[Opening EXERCISE INPUTS section]

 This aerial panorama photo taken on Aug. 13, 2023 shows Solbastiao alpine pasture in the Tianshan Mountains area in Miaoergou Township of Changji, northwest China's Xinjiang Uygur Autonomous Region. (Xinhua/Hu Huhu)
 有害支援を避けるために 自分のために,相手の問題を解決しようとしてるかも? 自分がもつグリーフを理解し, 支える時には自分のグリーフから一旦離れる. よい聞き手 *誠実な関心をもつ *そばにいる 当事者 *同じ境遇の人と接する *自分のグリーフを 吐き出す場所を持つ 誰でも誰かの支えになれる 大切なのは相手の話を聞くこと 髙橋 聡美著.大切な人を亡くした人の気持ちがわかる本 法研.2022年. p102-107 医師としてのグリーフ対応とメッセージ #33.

[Closing EXERCISE INPUTS section]
[Opening EXERCISE INPUTS section]

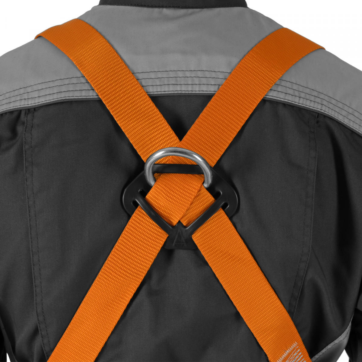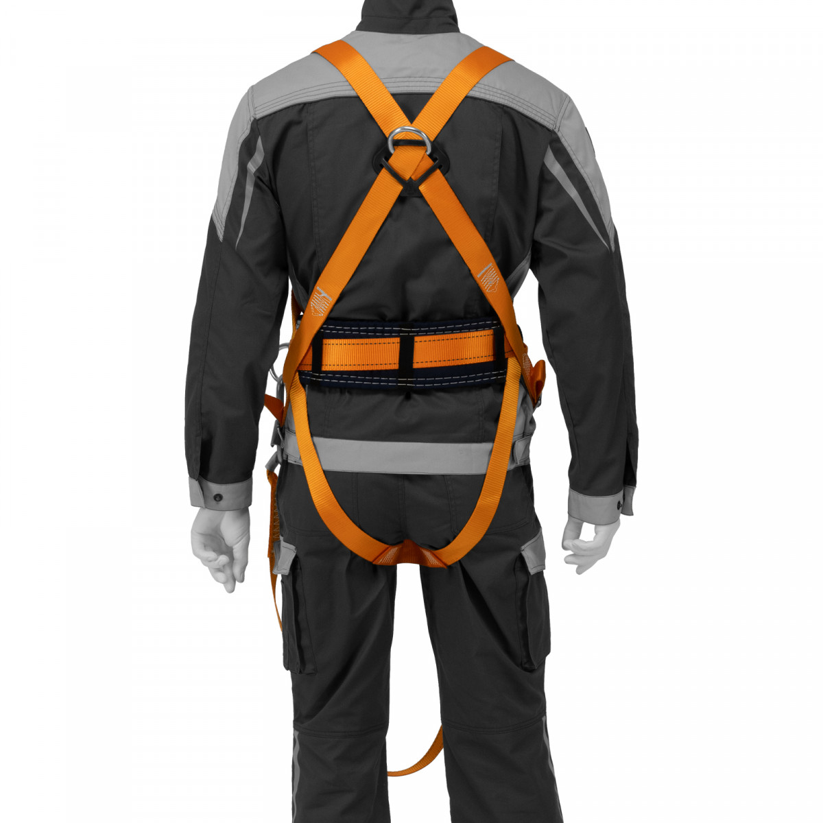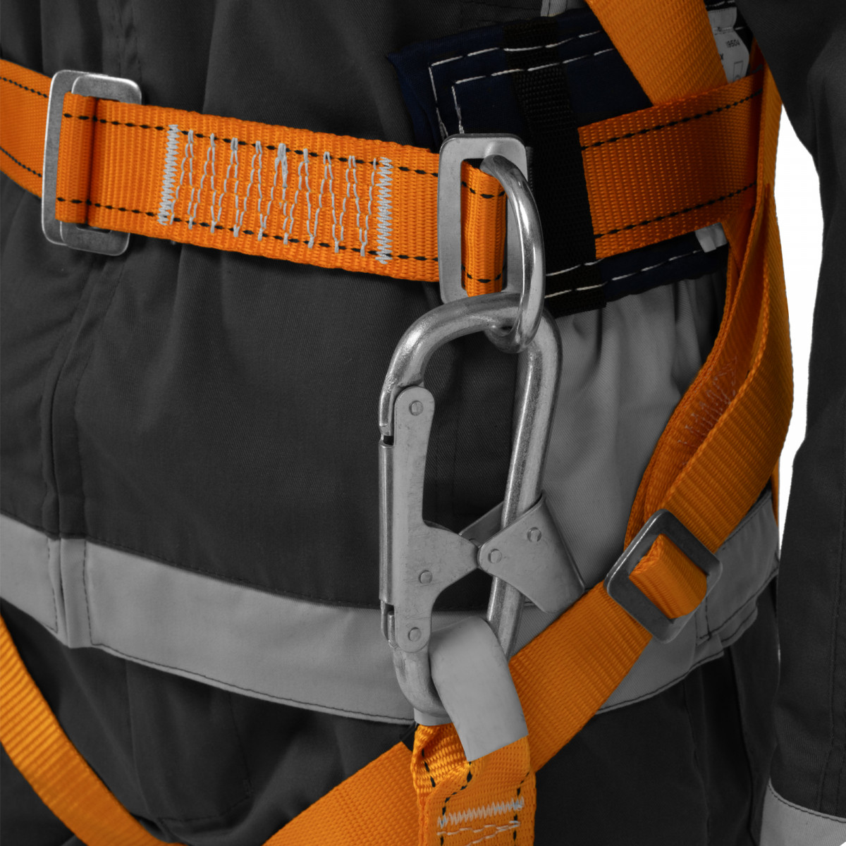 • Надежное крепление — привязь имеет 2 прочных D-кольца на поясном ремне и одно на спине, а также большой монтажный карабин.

[Closing EXERCISE INPUTS section]

Would you retype the lines above from the one with "This aerial panorama" down to the one with "p102-107 医師としてのグリーフ対応とメッセージ #33.", word for word, both ends included and no other lines?

 This aerial panorama photo taken on Aug. 13, 2023 shows Solbastiao alpine pasture in the Tianshan Mountains area in Miaoergou Township of Changji, northwest China's Xinjiang Uygur Autonomous Region. (Xinhua/Hu Huhu)
 有害支援を避けるために 自分のために,相手の問題を解決しようとしてるかも? 自分がもつグリーフを理解し, 支える時には自分のグリーフから一旦離れる. よい聞き手 *誠実な関心をもつ *そばにいる 当事者 *同じ境遇の人と接する *自分のグリーフを 吐き出す場所を持つ 誰でも誰かの支えになれる 大切なのは相手の話を聞くこと 髙橋 聡美著.大切な人を亡くした人の気持ちがわかる本 法研.2022年. p102-107 医師としてのグリーフ対応とメッセージ #33.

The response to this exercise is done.